Wednesday, April 04, 2007

Leakey & his transitionals


From here.

The fragmented skull Dr. Bromage reconstructed was originally discovered in Kenya in 1972 by Dr. Leakey, who reassembled it by hand and dated it at nearly three million years of age, an estimate revised to 1.9 million years by scientists who later discovered problems with the dating.

"Dr. Leakey produced an intrinsically biased reconstruction based on erroneous preconceived expectations of early human appearance that violated principles of craniofacial development," said Dr.

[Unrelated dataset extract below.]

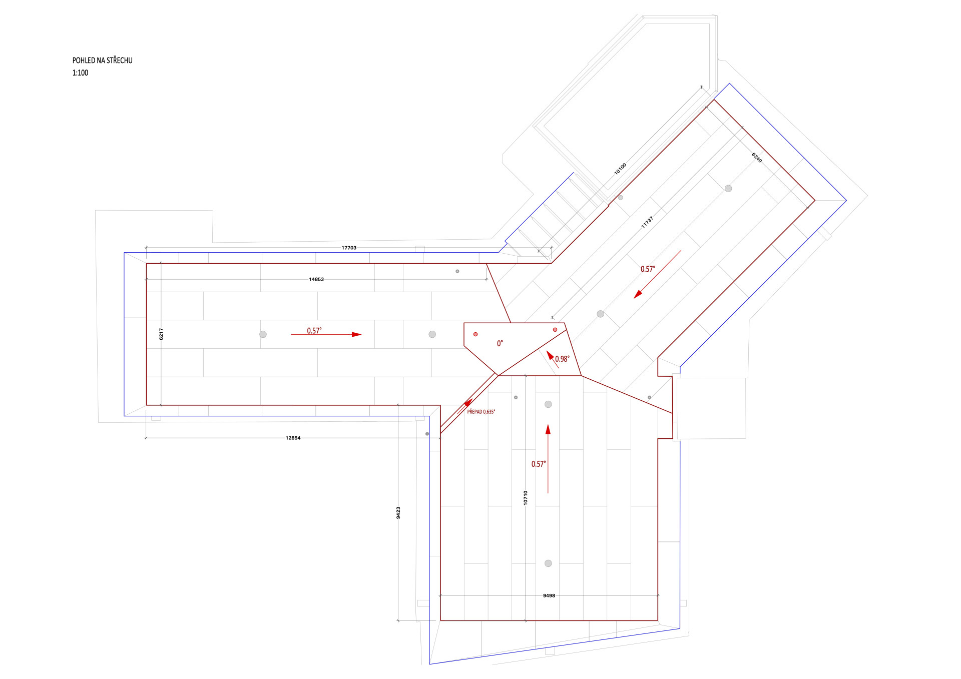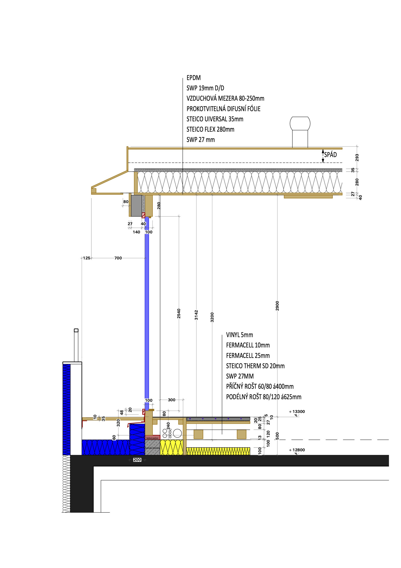 Střecha se přetáhla kvalitní difuzní folií, která umožňuje nulový spád a prokotvení. Na ni se pak kladly spádové klíny, připravené z dřevěných obdélníků, z nich každý následující byl o 3 mm nižší než předchozí. Je to pro výrobu jednodušší než vyrábět trojúhelníky, zároveň je možné pro jejich výrobu efektivně využít ořezy. Klíny byly zaklopeny třívrstvou deskou a na ni je natažená EPD folie.
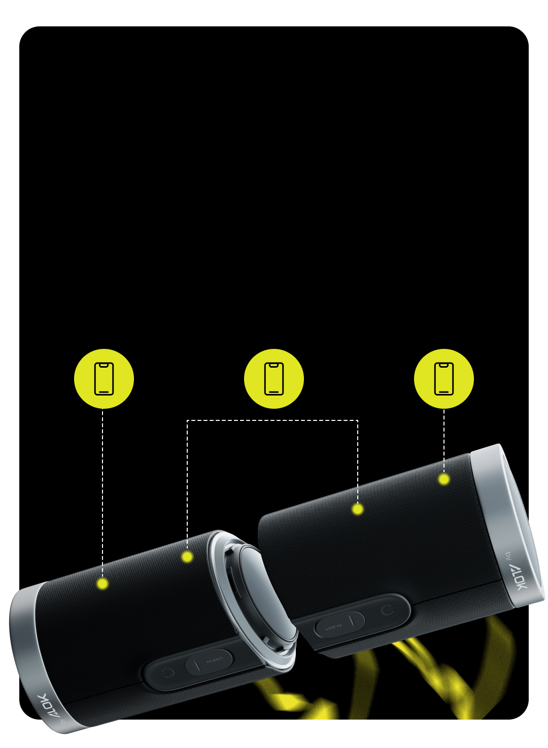 Quando combinadas criam a sensação de som 360°. Posicione cada lado em pontos distintos para que possa ouvir o som em todas as direções e aproveitar o melhor da sua música.

Bromage, whose reconstruction, by contrast, shows a sharply protruding jaw and, together with colleague Francis Thackeray, Transvaal Museum, South Africa, a brain less than half the size of a modern human's.

These characteristics make the 1.9 million-year-old early human skull more like those of two archaic, apelike hominids, Australopithecus and early Paranthropus, living at least three million and 2.5 million years ago, respectively.

Dr. Bromage developed his reconstruction according to biological principles holding that the eyes, ears, and mouth must be in precise relationship to one another in all mammals.

"Because he did not employ biological principles, Dr. Leakey produced a reconstruction that could not have existed in real life," Dr. Bromage concluded.
Figures..

Searching for transitionals often leads to desperation. Tweak those suckers a bit, and you can make them work for ya.